Taken in full context, Attorney General Paxton’s recommendation is somewhat less supportive of Judge Bill Metzger’s claims. It touches a few possible legal issues: whether a Judge or other public employee is guilty of discrimination if he or she performs one type of marriage but not another, and whether the Judge’s refusal is essentially a denial of the right to marriage.
These are the same questions that have arisen in other states and other case. For example, North Carolina passed a law allowing a judge to opt out of performing marriages, but the judge may not opt out of performing marriages for same-sex couples while continuing to provide the service for opposite-sex couples. Further, the News & Observer notes, there must be some official capable and willing to perform marriage ceremonies available at least 10 hours per week.
Even with these provisions, the constitutionality of that law is still under scrutiny.
Judge Bill Metzger’s final words on the matter in his statement this week acknowledges one of these two points (that a judge may not be able to opt out if this leaves no official willing to perform the ceremony), but ignores the other (the question of discrimination).

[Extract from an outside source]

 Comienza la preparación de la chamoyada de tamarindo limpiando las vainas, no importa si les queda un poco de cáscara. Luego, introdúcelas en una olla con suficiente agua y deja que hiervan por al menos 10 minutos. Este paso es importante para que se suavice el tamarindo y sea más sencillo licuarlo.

“It is clear that any Justice of the Peace in Texas can refuse to perform a non-traditional wedding when that wedding can be performed by others. My sincerely held religious belief keeps me from being forced to conduct anything but a traditional wedding as a Judge per our Attorney General.”
It should also be noted that Judge Metzger has campaigned on a position of “defending traditional marriage,” indicating that this is a political stance, rather than just personal preference.

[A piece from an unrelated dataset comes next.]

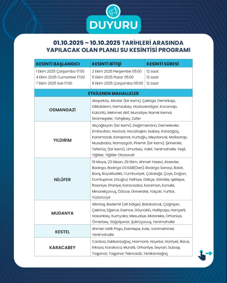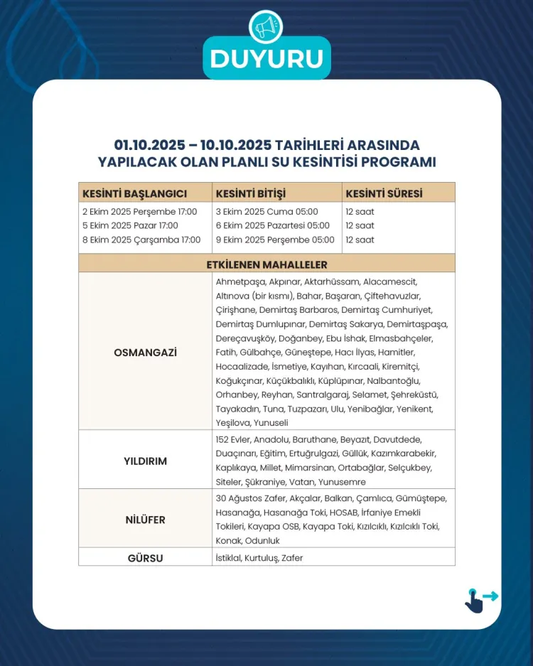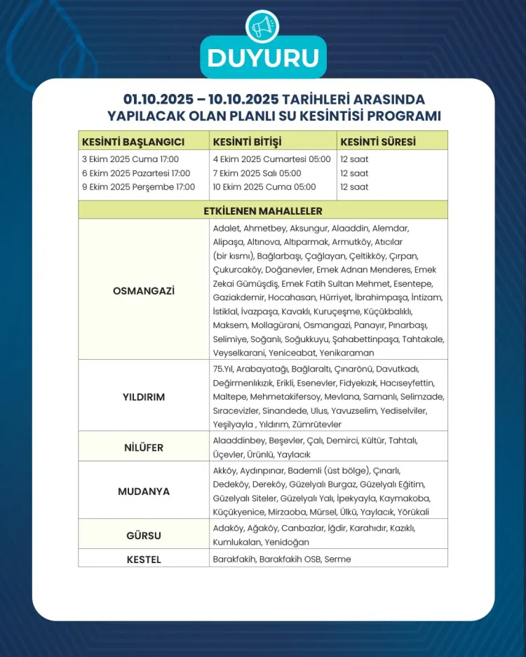 İdare tarafından sağlanan içme suyunun kalitesi 24 saat izlenmekte olup güvenli tüketim sağlanmaktadır. Planlı su kesintilerinden Uludağ Üniversitesi, Şehir Hastanesi ve Devlet Hastaneleri etkilenmeyecek. Detaylar için ekteki su kesinti listesine başvurulabilir.

Speaking to WFAA, both retired Dallas County District Judge John Creuzot and an unnamed Harris County District Attorney asserted that this is the primary problem with Judge Metzger’s claims, explaining that a Judge is not required to perform marriages at all, but cannot choose to follow the law for one group of people while refusing to do so for another.
It should be understood, always, that this demand placed on a judge is not the same for a religious official — clergy are always permitted to deny a marriage for any reason.
As for Judge Bill Metzger, his response to the calls for his resignation remains to be seen, but if he continues to perform marriage ceremonies for opposite-sex couples while denying the same dignity to same-sex couples, a discrimination claim could be in his future — at which point a higher court might have the opportunity to make a binding decision.